● **Exercise requirements**: Look through the data below. Show each line where the string "that" occurs.

● **Data provided**:
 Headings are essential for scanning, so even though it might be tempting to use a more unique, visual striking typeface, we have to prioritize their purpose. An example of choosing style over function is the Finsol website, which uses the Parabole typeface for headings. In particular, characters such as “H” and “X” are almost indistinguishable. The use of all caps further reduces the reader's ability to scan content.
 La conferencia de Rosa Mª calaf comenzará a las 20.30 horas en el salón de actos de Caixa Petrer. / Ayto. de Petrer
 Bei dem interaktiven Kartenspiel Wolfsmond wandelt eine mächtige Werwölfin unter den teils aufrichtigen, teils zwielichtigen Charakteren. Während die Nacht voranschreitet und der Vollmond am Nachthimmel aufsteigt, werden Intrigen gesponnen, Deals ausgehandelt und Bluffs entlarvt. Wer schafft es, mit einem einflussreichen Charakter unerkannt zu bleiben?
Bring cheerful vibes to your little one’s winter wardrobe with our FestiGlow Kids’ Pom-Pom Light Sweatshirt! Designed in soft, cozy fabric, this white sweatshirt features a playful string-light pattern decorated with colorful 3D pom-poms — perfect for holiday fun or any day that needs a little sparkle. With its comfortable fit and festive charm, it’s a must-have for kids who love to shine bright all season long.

==

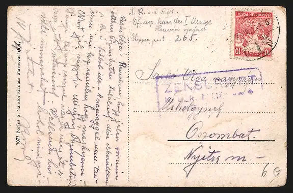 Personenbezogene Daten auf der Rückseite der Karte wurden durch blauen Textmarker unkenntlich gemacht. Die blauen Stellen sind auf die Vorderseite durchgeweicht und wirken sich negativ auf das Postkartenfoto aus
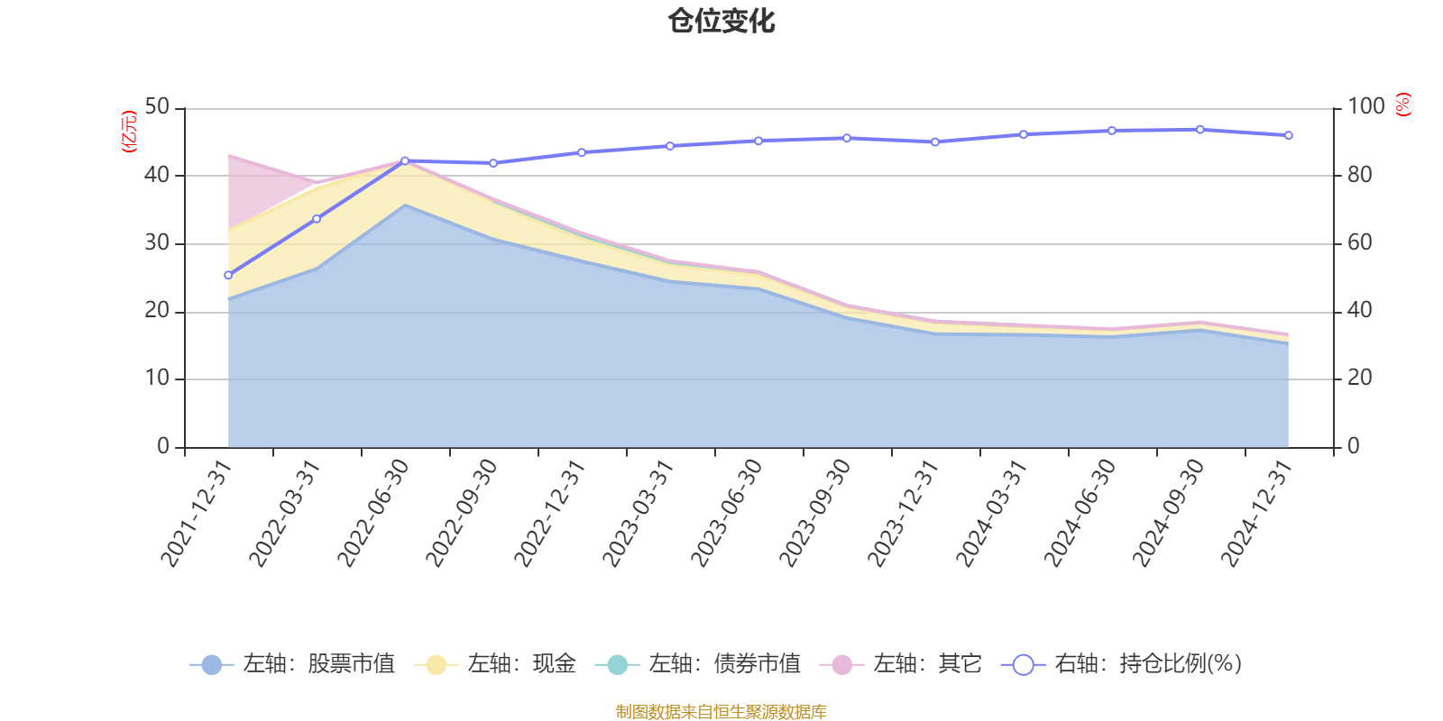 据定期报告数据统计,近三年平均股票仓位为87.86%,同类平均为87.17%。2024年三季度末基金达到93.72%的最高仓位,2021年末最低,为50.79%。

---

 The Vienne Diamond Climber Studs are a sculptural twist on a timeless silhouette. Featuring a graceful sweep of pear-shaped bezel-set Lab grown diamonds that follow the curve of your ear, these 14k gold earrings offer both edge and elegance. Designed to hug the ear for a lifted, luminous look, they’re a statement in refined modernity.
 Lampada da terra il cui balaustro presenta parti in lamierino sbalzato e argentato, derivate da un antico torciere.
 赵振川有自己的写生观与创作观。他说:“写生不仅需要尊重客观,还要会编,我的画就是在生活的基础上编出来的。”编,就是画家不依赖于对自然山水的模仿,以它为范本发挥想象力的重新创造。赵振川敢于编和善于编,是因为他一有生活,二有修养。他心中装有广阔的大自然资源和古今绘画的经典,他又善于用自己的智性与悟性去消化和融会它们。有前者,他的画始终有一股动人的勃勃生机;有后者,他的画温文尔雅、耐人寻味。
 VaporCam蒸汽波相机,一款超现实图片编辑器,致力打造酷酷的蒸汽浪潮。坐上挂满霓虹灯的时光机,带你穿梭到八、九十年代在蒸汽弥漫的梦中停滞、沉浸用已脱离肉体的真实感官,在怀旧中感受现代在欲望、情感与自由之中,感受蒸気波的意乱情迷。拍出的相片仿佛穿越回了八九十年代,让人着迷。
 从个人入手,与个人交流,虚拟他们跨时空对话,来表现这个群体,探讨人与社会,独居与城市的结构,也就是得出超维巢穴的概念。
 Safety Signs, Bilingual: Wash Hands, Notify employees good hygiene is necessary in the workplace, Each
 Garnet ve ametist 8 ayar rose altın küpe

● **Solution below**:
Bring cheerful vibes to your little one’s winter wardrobe with our FestiGlow Kids’ Pom-Pom Light Sweatshirt! Designed in soft, cozy fabric, this white sweatshirt features a playful string-light pattern decorated with colorful 3D pom-poms — perfect for holiday fun or any day that needs a little sparkle. With its comfortable fit and festive charm, it’s a must-have for kids who love to shine bright all season long.
 The Vienne Diamond Climber Studs are a sculptural twist on a timeless silhouette. Featuring a graceful sweep of pear-shaped bezel-set Lab grown diamonds that follow the curve of your ear, these 14k gold earrings offer both edge and elegance. Designed to hug the ear for a lifted, luminous look, they’re a statement in refined modernity.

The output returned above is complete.